The basic premise of Dagger in the Heart goes that, two-hundred years ago, a machine was built to dig into the Heart Itself in an attempt to harness it as a power source. This attempt went horribly wrong and the Delving Machine was left near the centre of the Heart, so your party of delvers have to journey to find it while racing with various villainous Factions that want the Delving Machine for their own purposes.
A good campaign module is one written to suit the system it’s played in. Heart: The City Beneath is, by nature, a very improv-heavy game, so a more traditionally structured campaign wouldn’t really work for it. As a result, Dagger in the Heart takes the form of a loose collection of Landmarks and the Delves between them, organised by chapters as the party slowly descends deeper into the Heart Itself and united by a common narrative. The campaign-specific list of Beats is a really great decision too, letting players pick aspects of the campaign they’re interested in and rewarding them for following plot hooks.

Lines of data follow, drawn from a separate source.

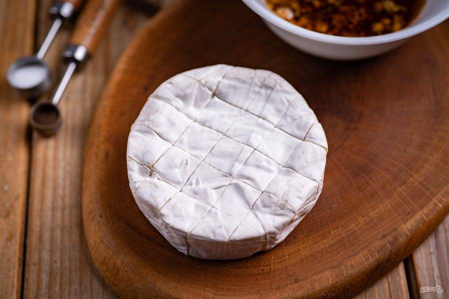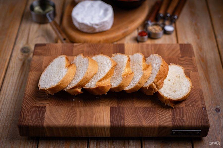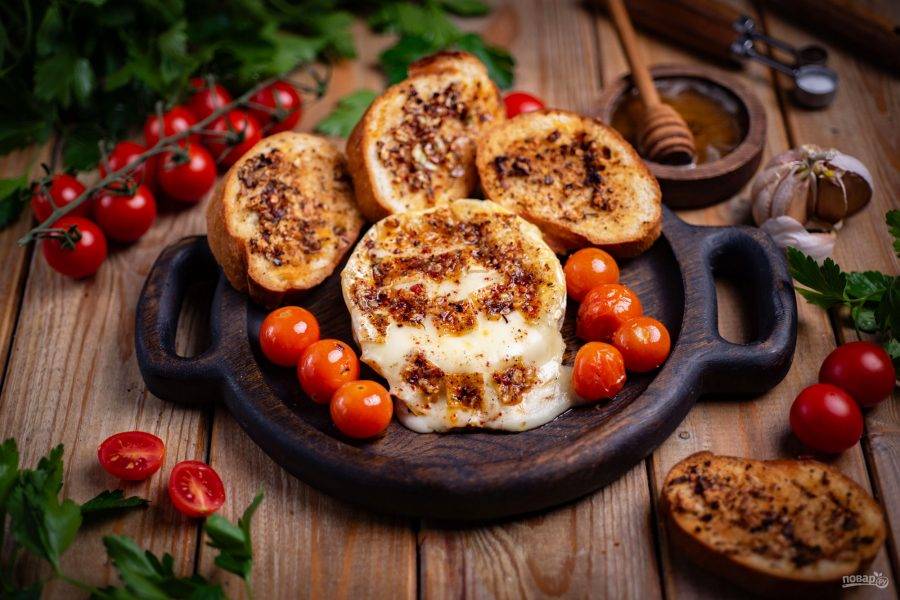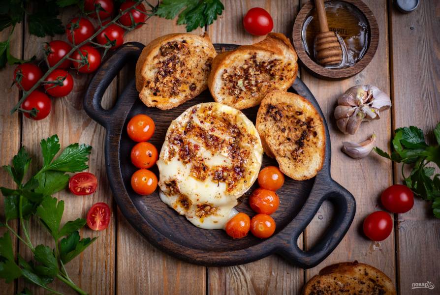 Готовый камамбер аккуратно переложите на блюдо для подачи, выложите к нему пару ломтиков запеченного багета и помидорки черри.
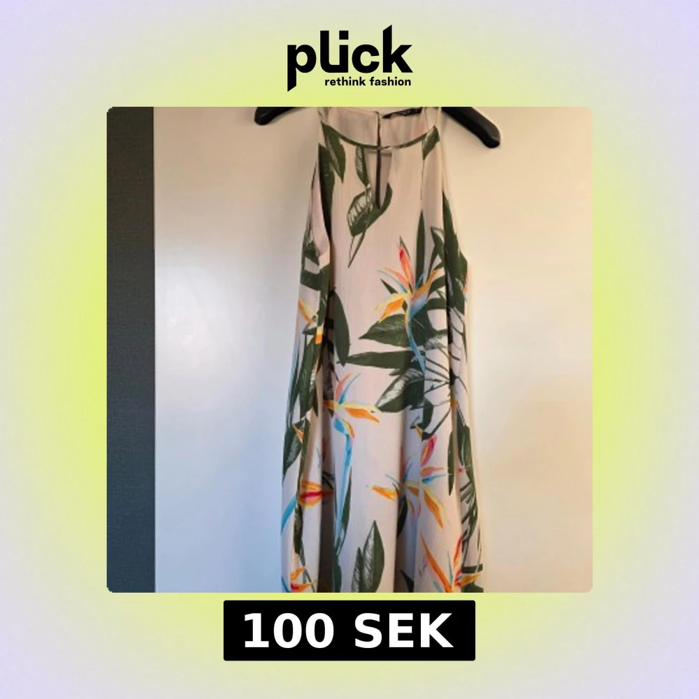 Säljer en ljus, ärmlös klänning från ONLY med tropiskt blommönster i grönt, gult, blått och orange. Klänningen har en rak, luftig passform och hög halsringning. Perfekt för varma dagar och ger en fräsch vibe med sitt färgglada tryck.
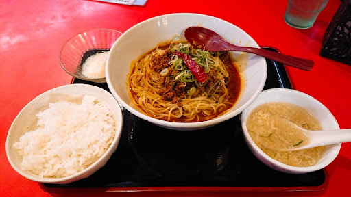 前から気になっていましたが、ようやく来れました。 ザ昭和の町中華という感じのお店です。 汁なし担々麺の満腹セットをお願いしました。 辛さは3辛までありますが、まずは1辛で(^^;) 満腹セットはライスとスープに温泉卵がついてきます。 ランチタイムの11:00~14:00は、ビュッフェコーナーで中華がゆ、スープ、ドリンクが無料になってました。 さほど待つこともなく提供されて、汁なし担々麺を食べると程よい辛さでツルツルいけました。 中華スープもやさしい味で美味しかったです。 残ったタレミンチにライスを入れて混ぜると、山椒の痺れと唐辛子の辛味がガツンときました。 麺を食べるときは良く混ぜてなかったみたいです(^^;) 温泉卵を入れると、まろやかになりました。 お客さんも次々と来て、人気のあるお店なんだなと思いました。 ごちそうさまでした。 美...
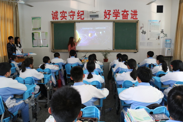 随后,涂志宏一行来到菱塘回族乡民族初中,学生代表、格桑花开支教团团长李姝萱围绕学校的“三航”特色为初二学生上了一堂题为“我们的目标是星辰大海”的科普课,向同学们介绍了“航空”与“航天”的区别与联系,领略了苍穹之上的广阔魅力,鼓励学生们建立远大理想抱负,认真学习科学知识,为国家科技事业的不断发展贡献自己的一份力量。
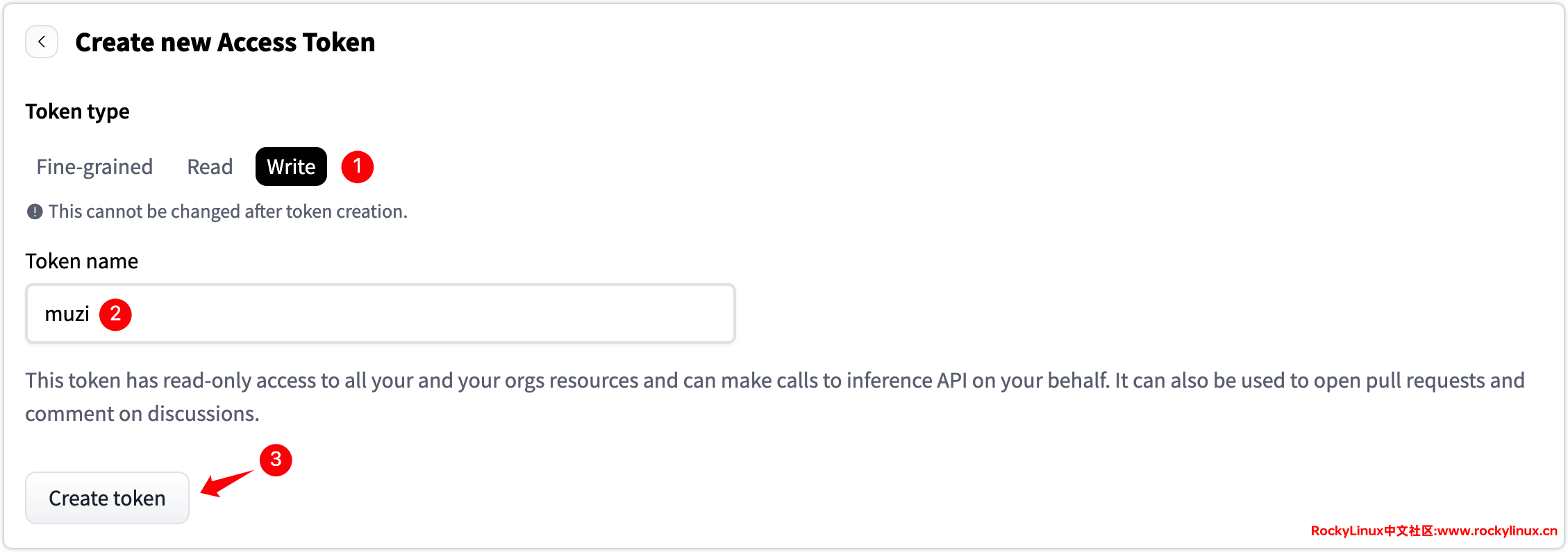 Token 的类型有三种:Fine-grained(更细颗粒度权限设置)、Read、Write,木子这里直接创建 Write 权限账号(Write 权限可读写),设置 Token 名称,点击“Create token”。

The Landmarks are really interesting, and one of my favourite parts was how there are usually multiple locations where you can find campaign-specific information. It meant that I had a lot of freedom to craft the overall campaign narrative around my players, picking locations relevant to their Beats and interests rather than having to restrict them into going a certain route. There were a lot of interesting Landmarks that didn’t directly tie to the narrative too, making it a good resource even if you don’t intend to play it.

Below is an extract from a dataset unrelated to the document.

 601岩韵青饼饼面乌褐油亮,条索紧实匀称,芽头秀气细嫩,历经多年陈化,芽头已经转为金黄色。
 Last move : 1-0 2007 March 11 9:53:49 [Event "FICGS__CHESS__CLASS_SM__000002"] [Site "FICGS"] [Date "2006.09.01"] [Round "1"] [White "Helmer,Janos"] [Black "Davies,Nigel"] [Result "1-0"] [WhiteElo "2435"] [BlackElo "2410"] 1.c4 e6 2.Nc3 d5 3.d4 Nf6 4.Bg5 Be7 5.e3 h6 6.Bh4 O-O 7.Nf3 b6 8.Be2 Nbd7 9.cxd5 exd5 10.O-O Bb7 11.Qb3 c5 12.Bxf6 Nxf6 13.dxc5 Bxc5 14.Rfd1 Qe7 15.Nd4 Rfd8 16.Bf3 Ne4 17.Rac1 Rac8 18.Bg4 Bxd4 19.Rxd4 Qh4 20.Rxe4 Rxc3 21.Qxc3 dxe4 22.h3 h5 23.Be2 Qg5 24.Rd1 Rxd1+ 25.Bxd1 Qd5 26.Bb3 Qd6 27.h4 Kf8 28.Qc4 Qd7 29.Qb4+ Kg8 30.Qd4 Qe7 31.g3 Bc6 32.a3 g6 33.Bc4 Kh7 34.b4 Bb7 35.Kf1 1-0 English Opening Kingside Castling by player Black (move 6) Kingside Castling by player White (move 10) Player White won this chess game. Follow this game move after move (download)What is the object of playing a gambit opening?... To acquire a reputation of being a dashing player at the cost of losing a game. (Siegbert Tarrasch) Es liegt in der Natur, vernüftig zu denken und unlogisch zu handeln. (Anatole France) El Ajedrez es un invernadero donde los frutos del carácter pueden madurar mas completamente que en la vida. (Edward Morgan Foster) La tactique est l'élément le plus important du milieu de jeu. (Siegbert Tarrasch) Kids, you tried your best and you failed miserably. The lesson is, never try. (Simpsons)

However this narrative looseness falls a bit flat when it comes to the campaign’s villains. There are three of them; the One Who Waits in Ashes, Ptolemy Bay, and Aramos Brightness-Sears-The-Eye, and my campaign had both the One Who Waits and Ptolemy Bay. On paper, these villains are great; they have interesting, varied motivations, a great cast of supporting NPCs (an encounter with Brother Shotgun and the Mendicant Procession, an NPC associated with the One Who Waits, was a highlight of the campaign), and the system of schemes and countermeasures is pretty interesting. However, while it might just be a skill issue on my part, I had a really difficult time with the schemes and countermeasures. Most of the schemes seemed to be things that my players would have no reason to learn about or intervene in without diverting the campaign completely, which made it really hard for me to insert them into the narrative. Likewise, the backstories are interesting, but I also didn’t feel like there was anywhere organic to put them without having one of their associated NPCs go on a motive rant.
Another issue was the length. While I’m glad that Dagger in the Heart has so much content, it also felt like so much that a shorter campaign wouldn’t have any time to breathe. Our campaign took fifteen sessions, and we could really feel Heart’s system being stretched to its limits during our final few sessions as my players started literally running out of advances and Beats to take.
That being said, I think the module overall was a great time and I’m glad I’ve run it, even if I’d go in a different direction when running a future campaign of Heart. Even if you don’t intend on running it, enough of it would work excellently outside of its narrative that it’s definitely worth taking a look.